Article

TECHNOLOGY NEWS

BIG IRON MOVES TOWARD EXASCALE COMPUTING

Neal Leavitt

Developers and researchers face many challenges in trying to produce exascale supercomputers, which would perform a thousand times faster than today's most powerful systems.

Supercomputing is entering a new frontier: the exaflops era, in which high-performance machines could run a thousand times faster than today's petaflops systems.

Some experts say that someone could build an exaflops machines—capable of performing 1018 floating-point operations per second—by the end of this decade.

More speed would be welcome, as supercomputing is used in many areas—including nuclear-weapon testing simulations, analyzing the geologies of various areas for possible oil deposits, astronomy, astrophysics, financial services, life sciences, and climate modeling—that could benefit from even more performance.

"This will necessitate new hardware and software paradigms," said Arend Dittmer, director of product marketing for Penguin Computing, a high-performance computing (HPC) services provider.

But for the first time in decades, computing-technology advances might be threatened, said John Shalf, Computer Science Department head in the US Lawrence Berkeley National Laboratory's Computing Research Division.

"While transistor density on silicon is projected to increase with Moore's law, the energy efficiency of silicon is not," he noted. "Power [consumption] has rapidly become the leading design constraint for future high-performance systems."

Thus, said Dittmer, software developers will have to optimize code for power efficiency rather than just performance.

Researchers are also looking into a number of disruptive hardware technologies that could dramatically increase efficiency, including new types of memory, silicon photonics, stacked-chip architectures, and computational accelerators, explained Dimitrios S. Nikolopoulos, professor and director of research at Queen's University Belfast.

The US, China, Japan, the European Union, and Russia are each investing billions of dollars in supercomputer research.

Achieving HPC improvements could even help those who don't use supercomputers. "As always," explained Intel Labs Fellow Shekhar Borkar, "the technology will trickle down to mainstream computing."

However, building exascale machines faces some significant challenges.

BACKGROUNDER

University of Illinois at Urbana-Champaign researchers started building supercomputers in the early 1950s and parallel supercomputers in the early 1960s.

Seymour Cray, who founded Cray Research—the forerunner of today's Cray Inc.—in the 1970s, is considered the father of commercial supercomputing.

Early supercomputers were designed like mainframes but adapted for higher speed.

In the 1980s, the next wave of HPC machines used custom processors.
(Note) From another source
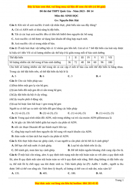 Đề thi thử THPT Quốc Gia - Năm 2023 - Đề 14 Môn thi: SINH HỌC

During the 1990s, general-purpose commercial processors began offering good performance, low prices, and reduced development costs, which made them attractive for use in supercomputers, said Stanford University professor William Dally, who is also chief scientist and senior vice president of research at GPU maker Nvidia.

The first machine to break the petaflops barrier was IBM's Roadrunner in 2008.

Getting to exascale computing is critical for numerous reasons. Faster supercomputers could conduct calculations that have been beyond reach because of insufficient performance, noted IBM Research director of computing systems Michael Rosenfield.

Another issue is that many complex problems have a large number of parameters. The only way to deal with such problems is to simultaneously run multiple sets of calculations using different combinations of parameters, which requires tremendous computational resources.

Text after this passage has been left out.